So the apocalypse hasn't happened yet and humanity is still trucking along. Since I've started actually paying attention to politics for the first time ever I am more and more disgusted by the day. I fear for the future of the country I love and call home.
Still I am hopeful and somewhat optimistic that by the time my children are my age things will be much much better.
My girls certainly keep my busy and vice versa. There isn't much to do but we fill the days with trips to the playgrounds, sometimes up to 4 times a day. I try my best to limit screen time and keep it at 2 hours for Natalie and less than 1 hour for Vana. I don't know what the actual guidelines are and I don't care. Surviving this pandemic with a shred of sanity is important and I don't want to beat myself up over how much T.V. or stupid fucking TIktok my kids brains are being rotted with.

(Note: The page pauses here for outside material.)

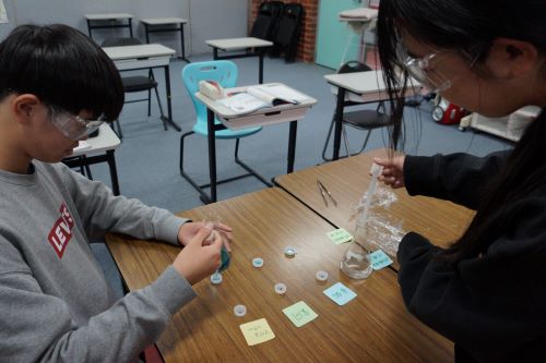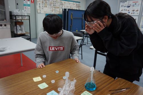 G9の理科、イオンの学習の様子です。 亜鉛・銅・マグネシウムを硫酸亜鉛水溶液と硫酸銅水溶液にそれぞれ浸した時に どんな反応が起こり、何が発生するでしょうか? 今まで学習してきた知識を活用して、考えを話し合い、予想を立てて実験をしました。

Speaking of surviving, we had our first semi covid false alarm. On Saturday I woke up with a sore throat but literally since the beginning of coronavirus I have had an on and off sore throat and runny nose at times due to allergies. I didn't feel bad or think anything of it because again it's normal for me. I went to work and began feeling tired, another symptom my allergies cause and also a product of being a mom and woman. (I haven't pinpointed it but I believe some point in my cycle affects my energy levels.) Anyway, come Saturday night when I was off I was beat. I had dinner at my father in laws and usually Matt grocery shops and I put Vanessa to bed but I just didn't have it in me. Natalie began saying she didn't feel well and Vanessa wasn't herself either. Sunday the girls and I woke up definitely under the weather. Sore throats, runny noses, and fatigue were the initial symptoms. I immediately scheduled a phone visit to talk to a doctor and was told to go in Monday to get tested. My results came back negative yesterday (Tuesday). I started feeling almost 100% better Monday afternoon but there are moments I feel pretty meh again like this morning. Vanessa for sure isn't completely herself as she is very sensitive lately and her nose is a snot factory. Natalie is up and down and still running a mild fever on and off, in the 99's. She started complaining of a tummy ache last night and today. If it isn't covid then I am not really sure what it is. I guess a very mild flu. I wish they would run a flu test along with the coronavirus test too to help you figure out what you're ill with .Oh well. We are on the mend and very lucky. I definitely want to be more cautious now. Not that I was being reckless or anything. I am taking precautions but refuse to live in a bubble or a fear stricken life. I let Natalie play with some neighbors and we still see family. I'm not going out and partying with loads of people or refusing to wear a mask or anything. It still puts things in perspective though and is a dose of reality for sure.
On another note Vanessa is such a little ham! She is hilarious and smart and sweet. There are so so many funny and cute things she has done. Yesterday morning she grabbed a pillow with two hands and whacked Matt in the face saying, "bop!" She pops out from behind things and says, "boo!" too. She gives kisses and will sit in your lap and cuddle. I got irritated with her today because I was trying to get ready to head outside but she was clinging to me crying. I said, "Oh my goodness Vanessa, I just need to put on my shoes!" and went to sit to get my socks on. She stopped crying and came out from the kitchen with one of my tennis shoes and handed it to me. Instant guilt overwhelmed me and I felt so bad for getting annoyed with my sweet baby. Then I asked her to find my other shoe and sure enough she came back with it. She understands so much. Once she brought me a bag of snacks while I was cooking dinner and I simply said, "Bring it to Natalie" since my hands were covered in chicken juice and she walked out to the livingroom and handed it to Nat. There are a ton of other things she does that impress and melt me but I can't really think of them right now.